= Basilikos logos =

In Byzantine rhetoric, a basilikos logos (βασιλικòς λόγος, literally "imperial word") or logos eis ton autokratora ("speech to the emperor") is an encomium addressed to an emperor on an important occasion, regularly at Epiphany.

The parameters of the genre were first set out in a treatise attributed to Menander Rhetor of the late 3rd century. The encomiast should praise the emperor's origins, his physical beauty, his upbringing, good habits, feats in peace and victories in war, philanthropy, good fortune and practice of the four cardinal virtues. He identified the presbeutikos, a speech of supplication given by a city to an emperor, as a subgenre of the basilikos logos. The panegyric of Constantine the Great delivered by Eusebius of Caesaria established a new convention of depicting the ideal emperor rather than the actual. The Christian basilikoi logoi dropped references to good fortune (tyche) in favour of piety. The term presbeutikos also shifted in meaning to refer to an ambassador's report.

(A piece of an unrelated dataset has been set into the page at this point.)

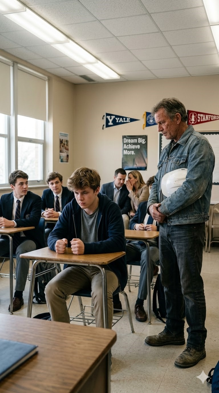 Они насмехались надо мной за то, что я пришёл на День Карьеры с запачканным, изношенным поясом для инструментов—пока скорбящий мальчик не встал и не поделился признанием, которое погрузило комнату в тишину, превратив их смех в ошеломлённое раздумье за считанные секунды.
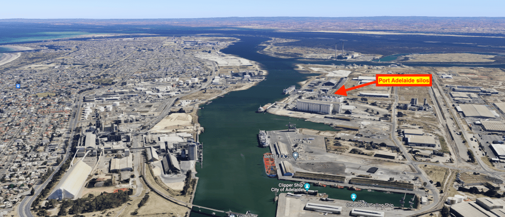 Above:- An aerial view of Port Adelaide showing the location of the silos. Image c/o Google Maps.

The delivery of a basilikos logos could be used as an occasion to subtly advise the emperor, becoming a sort of "mirror of princes". This is the form it took when Agapetos praised Justinian I (6th century) and when Basil I his son Leo VI (9th century). The surviving biography of the Empress Theodora (9th century) may originate in a basilikos logos addressed to her during her regency. John the Oxite wrote and presumably delivered an unconventional logos that was highly critical of the policies of Alexios I Komnenos (11th century). Michael Italikos (12th century) wrote a logos for the Emperor John II Komnenos based primarily on his deeds and another for Manuel I Komnenos that was more conventional.